A grin tugs at the corners of his mouth.
“Why?”
“You just have that look. The West has power the East does not. It has a... gravity. That’s why men and women have been compelled to go that direction. They begin in the East and move to the West. You can see it in the sun—the way it’s pulled across the sky, born in the East, dragged to the West, until it slides behind the horizon and”—he blows a trio of smoke rings—“then it’s gone. Light to dark. Life and death. East to West. You looked like someone making that trip.”
She takes another drag. Then a step back. The little hairs on her arms and neck tingle and stand. “Thanks for the light. I better be going.”
“To Philadelphia.”
“To my room. I’m stuck.”
“You don’t have to be stuck.”
She takes another step backward.
Just as he takes a step forward.
“I don’t... know...”
He pulls a key fob from his shirt pocket, jangles the keys. “I’ve a horse to ride just over there.” She doesn’t know what he means—a horse?—but then she sees a cherry-red Mustang at the end of the row. “If you’re up for the trip.”
“I don’t know you.”
“What does that matter? I don’t know you either. Nobody knows anybody.” He laughs around the little cigar. “We barely even know ourselves.”

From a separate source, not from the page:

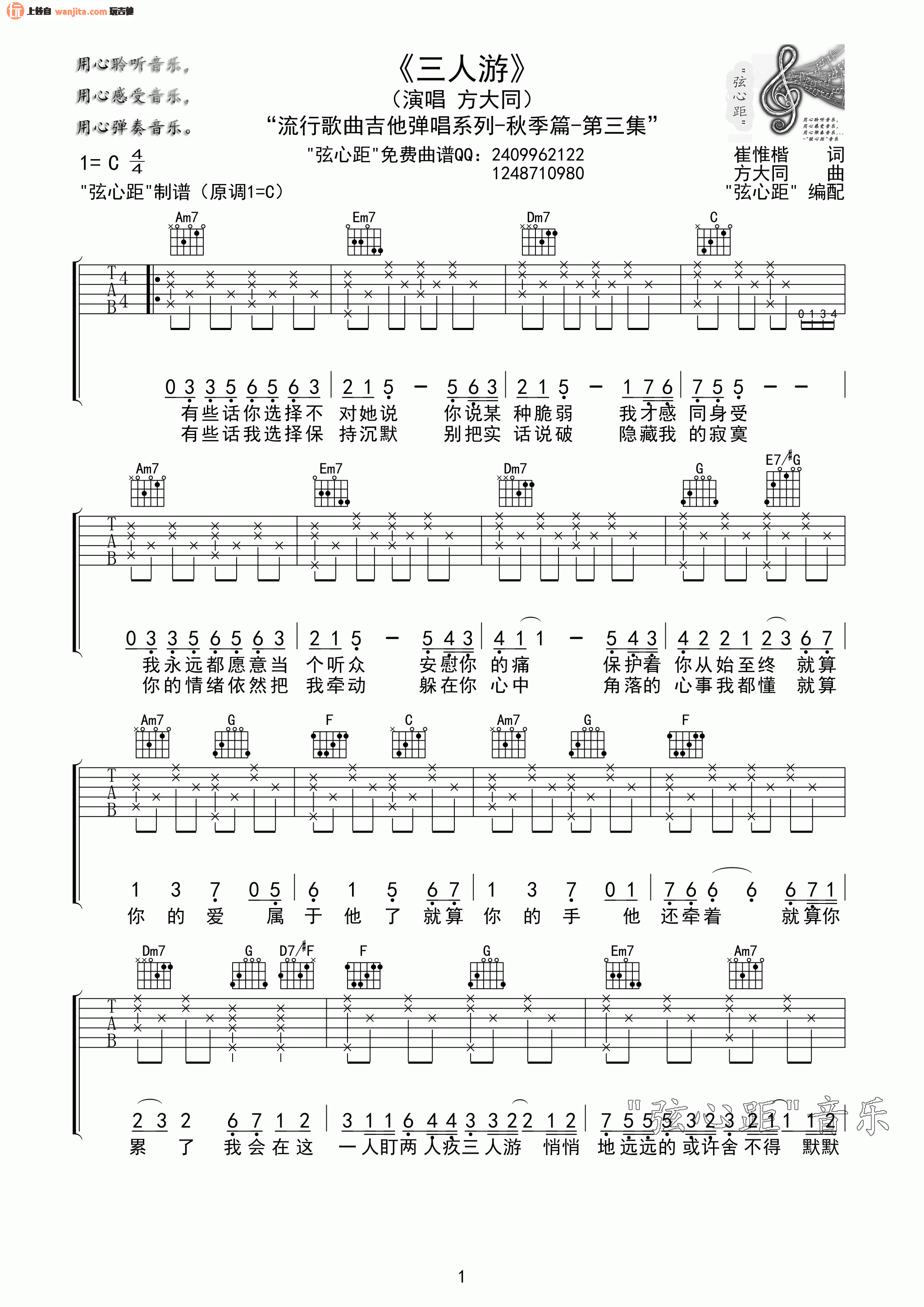 曲谱介绍: 三人游这首吉他谱,原调是C调,编配也是选用的C调指法,整个版本比较简单,选用半分解和弦的节奏弹唱,副歌部分的扫弦也比较规律,很容易就能够掌握上手,喜欢的朋友赶紧试试吧。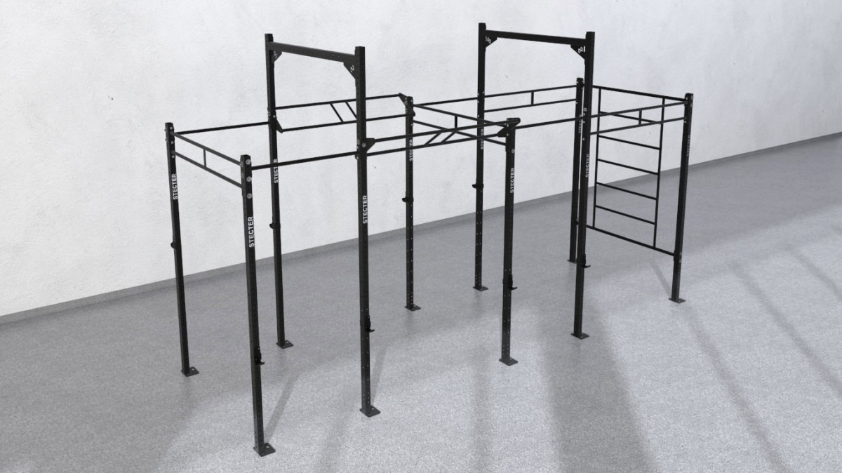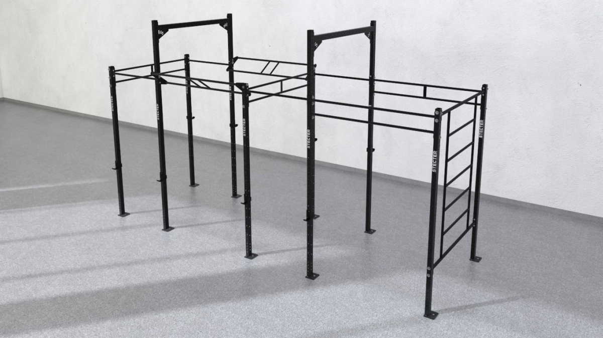 Функциональная рама для Кроссфит 5800х1800 состоит из четырех секций. Десять опорных стоек по 2810 мм и 3660 мм в высоту каждая соединены балками, одинарными и двойными перекладинами для подтягиваний длиной по 1100 мм и 1800 мм, а так же шведской стенкой 1800 мм в ширину. Рама комплектуется крепежами для сборки. Все опорные стойки необходимо закрепить к полу. Стойки изготовляют из профильной трубы 80х60 мм. Толщина элементов рамы составляет 3 мм – достаточно для того, чтобы выдерживать значительные нагрузки, в том числе установку гимнастических колец, каната и др. инвентаря.

“I have things in my room.”
“You have your purse here.”
“I have luggage.”
“Luggage is just baggage. I say we get rid of all baggage.”
Another drag. Each puff keeping her from freaking out and bolting like a spooked nag. “I have maps.”
“We don’t need maps. I know where we’re going.”
She swallows. “Do you?”
“We’re going to Kansas.”
That’s it. Done. No way. She hears herself gasp, and before he can say anything else, she’s turning tail, flicking the cigarette to the ground, and hurrying away. Back toward the lobby entrance, hand fishing around her pocket for the room key—
The doors ahead of her open. Double doors. Automatic.
And the man with the cigarillo steps out of them.
He was behind her.
Now he’s ahead of her.
Again he dangles the keys.
“Last chance. I’m told you need a ride.”
She folds her arms in a defensive posture. Feeling suddenly cold, too.
He continues: “Life is a series of choices, Alison. We don’t change our lives by making safe choices; we change our lives by making the crazy choices. By taking risks. By throwing ourselves off cliffs. Learn to love the fall. Fall with me. Drive with me. To Kansas. If not for you, then for your son.”
His hand jerks. The keys fling toward her and she catches them in her cupped hands—her palms sting from the hit.
Again he tilts his head toward the parking lot. “I’ll let you drive. Let’s go.”
Alison makes her choice.
Her teeth bite the inside of her cheek as she follows after the man, wreathed in serpents of cherry-touched cigar smoke.